Als sein Schiff auf der Weiterfahrt wegen eines Sturms ankern musste, beobachtete er Sonnenflecken, die zufällig in Paris auch von Cassini gesehen wurden.

In Kopenhagen unterstütze ihn Erasmus Bartholin bei seinem Vorhaben. Er machte ihn auch mit dem jungen Ole Rømer bekannt, der ihm bei seinen Messungen auf der Insel Ven assistierte und ihn auf dessen Bitten anschließend nach Paris begleitete, wo er zehn Jahre lang am Pariser Observatorium tätig war. Auf Ven waren von Tycho Brahes Uraniborg kaum noch einige Mauerreste vorhanden, aber Picard richtete eine eigene, provisorische Sternwarte ein, mit der er nicht nur die Polhöhe, sondern durch Beobachtung des Umlaufs der Jupitermonde auch die Geographische Länge im Verhältnis zu Paris bestimmte. In den fast drei Monaten seiner Tätigkeit Ende 1671 auf Ven vermaß Picard außerdem eine Reihe umliegender Orte und nahm verschiedene astronomische Beobachtungen vor.

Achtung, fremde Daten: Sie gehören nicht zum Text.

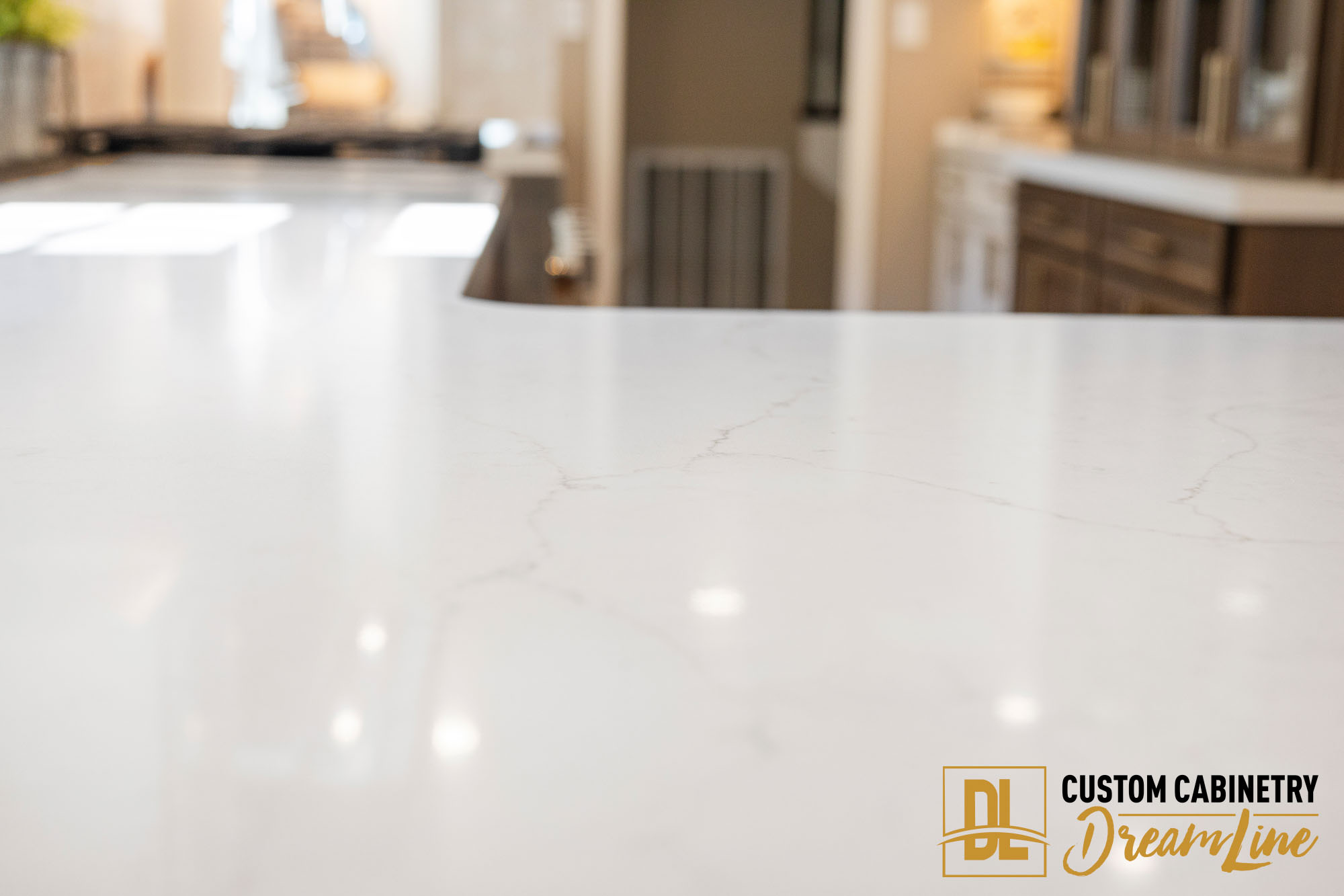 To complement the updated cabinetry, new countertops were installed using Vadara Polished Ostara Dawn 2CM quartz. This luxurious surface features delicate veining and a polished finish that reflects light throughout the space, adding depth and sophistication to the kitchen while providing a durable, easy-to-maintain work surface.

Vermessungsarbeiten in Frankreich

In den Jahren 1672 bis 1680 führte Picard zunächst verschiedene astronomische Beobachtungen u.a. in Montpellier und Sète sowie in Lyon durch. Zwischendurch musste er Vermessungsarbeiten für die Wasserversorgung des Schlossparks von Versailles durchführen, die in den Augen des Königs vordringlich waren. Dazu gehörte 1674 auch die Klärung, dass der Vorschlag des mit dem Bau des Canal du Midi befassten Riquet, einen Teil der Loire in den Schlosspark umzuleiten, nicht durchführbar sei.[19]

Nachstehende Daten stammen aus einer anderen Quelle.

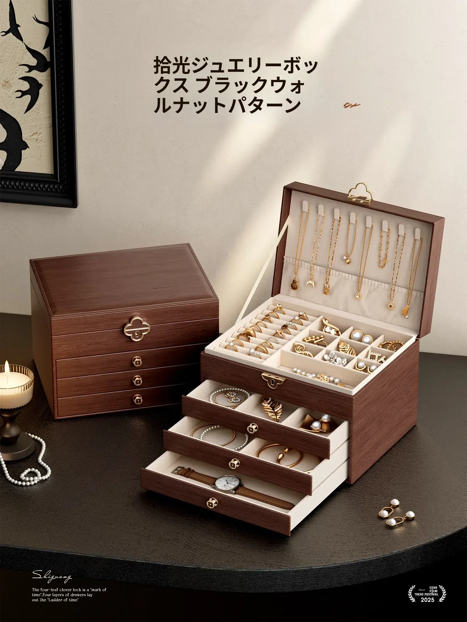 ウォールナットウッドの高級ジュエリーボックス - 精巧な装飾品やゴールドイヤリング、ネックレスも収納可能!大容量で防酸化設計、レトロなデザインであなたの宝物を美しく守ります。
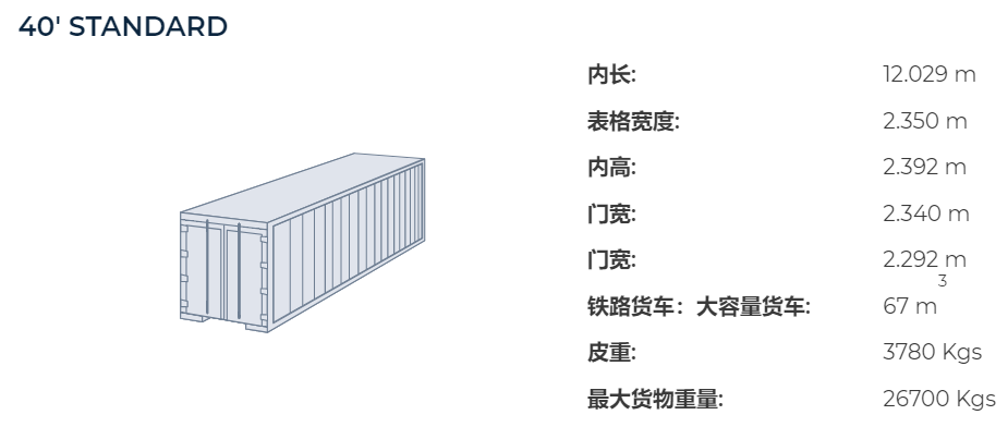 40尺柜海運集裝箱尺寸規(guī)格,40尺集裝箱體積重量參數(shù)表
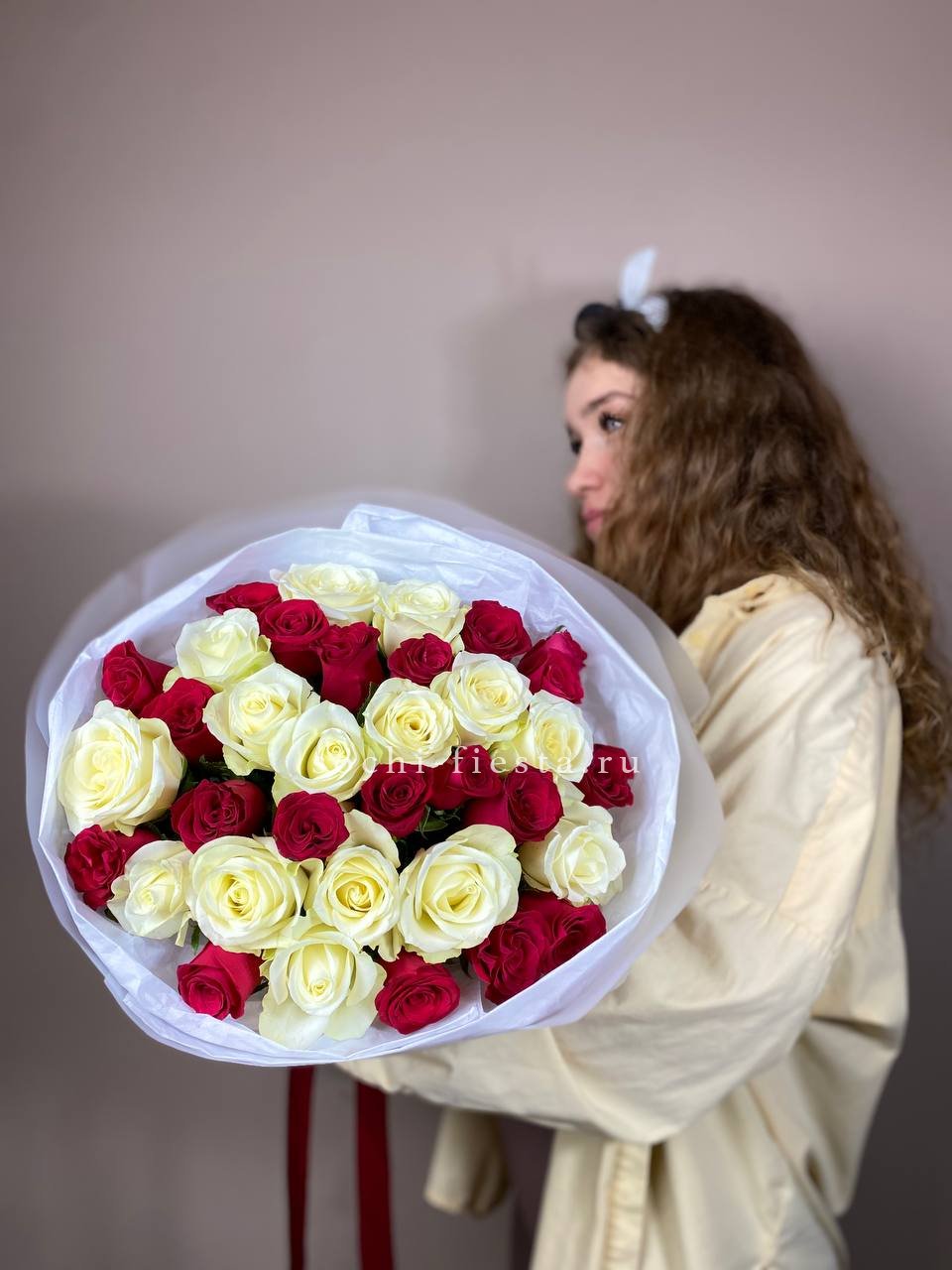 Для заказа товара "Букет из красных белых 35 роз" с доставкой в Краснодаре нажмите в корзину
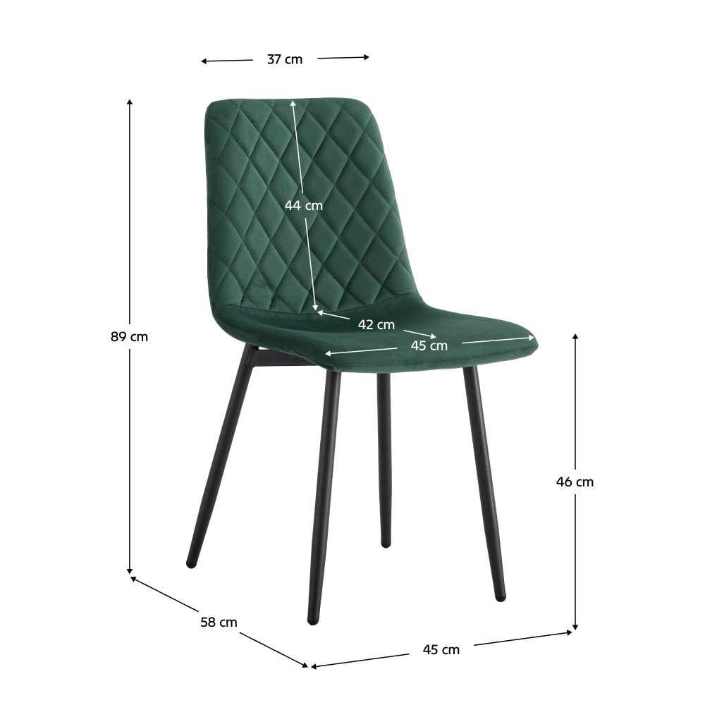Materiál: látka Velvet/kov Oděruodolnost textilie podle testu Martindale: 80 000 oděrů Barva: smaragdová/černá Rozměry (ŠxHxV): 45x58x89 cm Výška sedu: 46 cm Hloubka sedu: 42 cm Šířka sedu: 45 cm Výška zádové opěrky: 44 cm Šířka zádové opěrky: 37 cm Nosnost: 110 kg Dodáváno v demontu
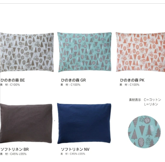 カバー生地 ひのきの森:綿100%/ソフトリネン:麻55%、綿45%
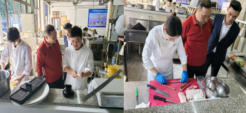 Smith·Shaun Michael先生和陈先生的悉心指导,不仅为我校烹饪(西餐)中国集训基地带来了宝贵的世界技能大赛经验,还引入了培养选手的新理念与前沿方法,为基地建设与发展指明了前进的方向。我们将以此为契机,进一步深化与专家的交流和沟通,强化合作纽带,不断提升基地综合实力和辐射影响力,拓宽国际交流的广度与深度,为实现烹饪学院“西部一流、国内知名、国际有影响力”的宏伟蓝图迈出了坚实而有力的一步。
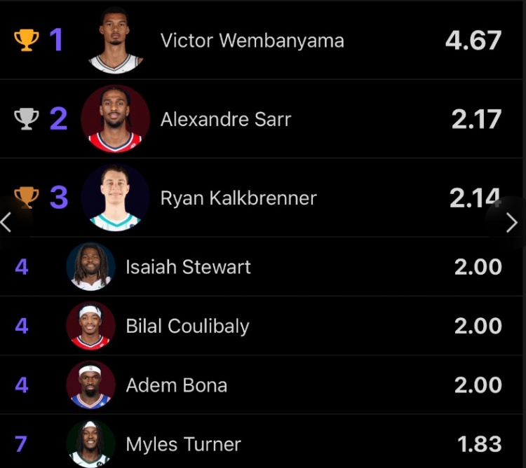 场均封盖榜上,第二名萨尔约为2.2次。而总封盖数上,文班6场比赛28次、第二名的卡尔克布伦纳7场15次。

Zur Vorbereitung der von Colbert angeordneten Kartierung Frankreichs führten Picard und Philippe de La Hire in den Jahren 1679 bis 1681 geodätische Arbeiten in Brest und Nantes, in Bayonne, Bordeaux und Royan sowie an der französischen Nordküste durch. La Hire beendete sie mit Vermessungen der Küste der Provence.

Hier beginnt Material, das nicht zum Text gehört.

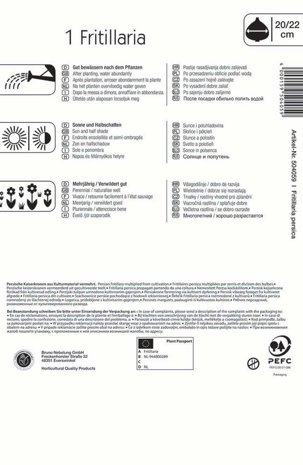 Bei der Persische Kaiserkrone sind an den ca. 80 cm hohen Stielen die purpurfarbenen Glöckchen wie an einem Schellenbaum angeordnet. Sie treiben im April und Mai aus und vermitteln einen warmen, behaglichen Eindruck. Die Persische Kaiserkrone fühlt sich an einem sonnigen Platz im Garten am wohlsten und verwildert mit der Zeit ohne Probleme. Alternativ kann man sie auch von Beginn an in Gruppen pflanzen, wodurch jede einzelne Pflanze noch imposanter wirkt.
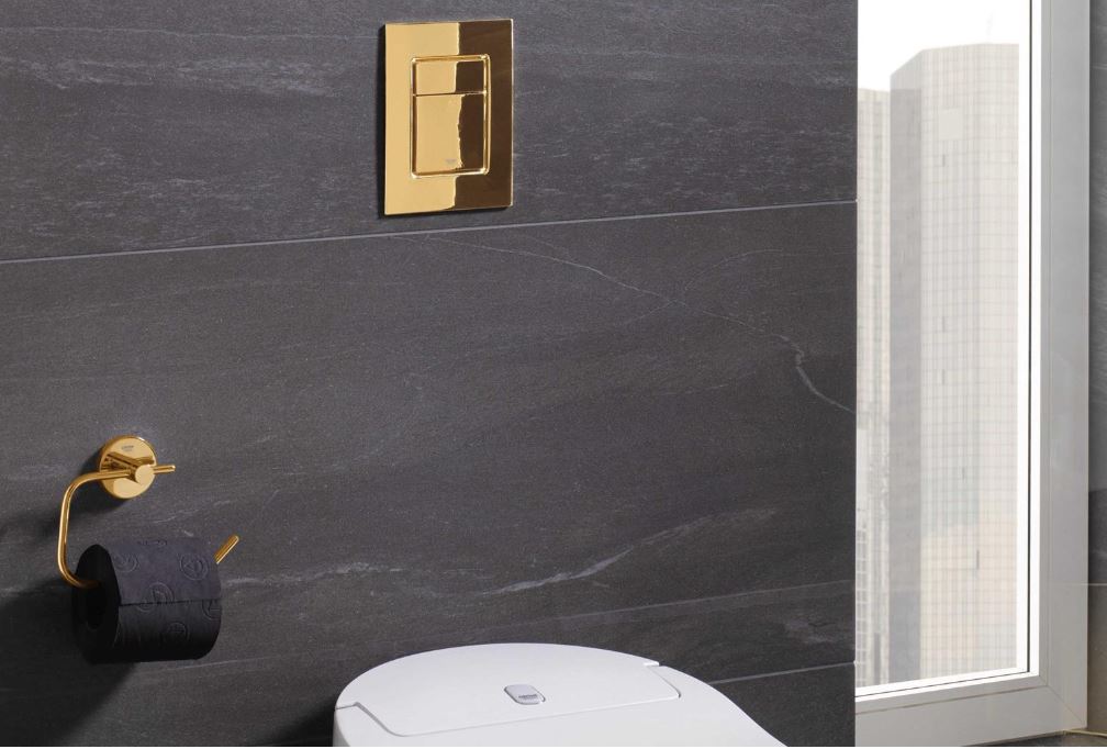 - spójność strefy WC i bidetu można podkreślić designerskim przyciskiem spłukującym, takim jak Grohe Skate Cosmopolitan w odcieniu Cool Sunrise,
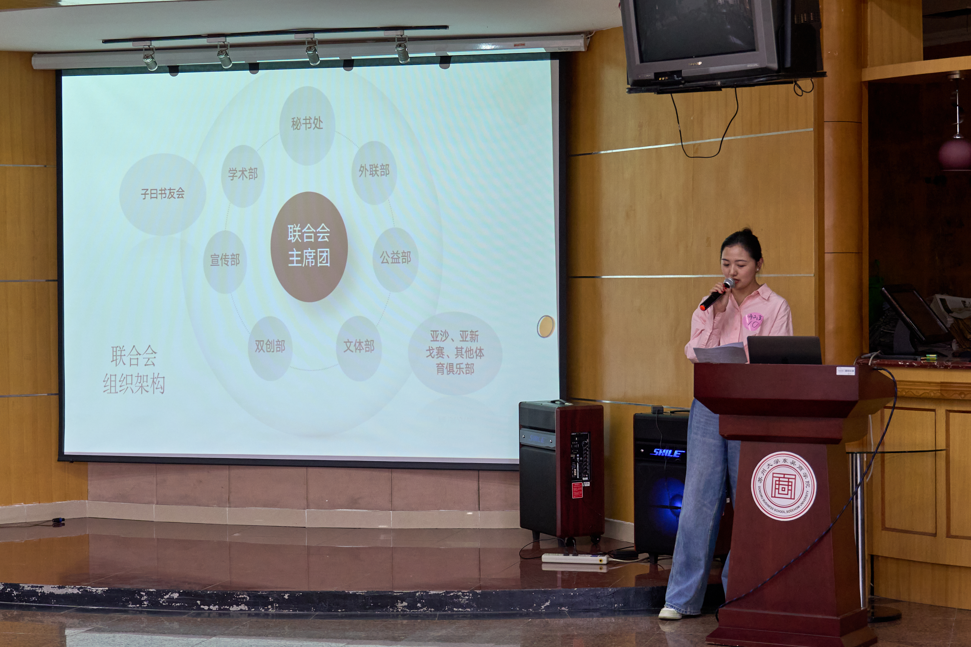 At the beginning of the event, Qi Wenxi, the new president of the Student Union, provided a detailed introduction to the union's organizational structure, including departments such as the Secretariat, Publicity Department, Cultural and Sports Department, External Liaison Department, Academic Department, and Innovation and Entrepreneurship Department. The union operates with the fundamental purpose and basic orientation of dedicating ourselves to serving the students, firmly establishing the work philosophy of serving the students, relieving the teachers, and contributing to the college.

Korrigierte Karte Frankreichs von 1682

Diese Arbeiten, ergänzt durch Vermessungen anderer Geodäten, ermöglichten La Hire, eine neue Küstenlinie in eine nach bisherigen Anschauungen erstellte Karte Frankreichs einzutragen. Diese Carte de France corrigée par Ordre du Roy sur les observations de Messieurs de l'Académie des Sciences (Karte Frankreichs, gemäß dem Befehl des Königs entsprechend den Beobachtungen der Herren der Académie des Sciences korrigiert) wurde 1682 der Académie und dem König vorgestellt, der daraufhin scherzhaft geäußert habe, dass «ces Messieurs de l'Académie lui avaient enlevé une partie de ses États» (diese Herren der Akademie ihm einen Teil seines Staates weggenommen haben).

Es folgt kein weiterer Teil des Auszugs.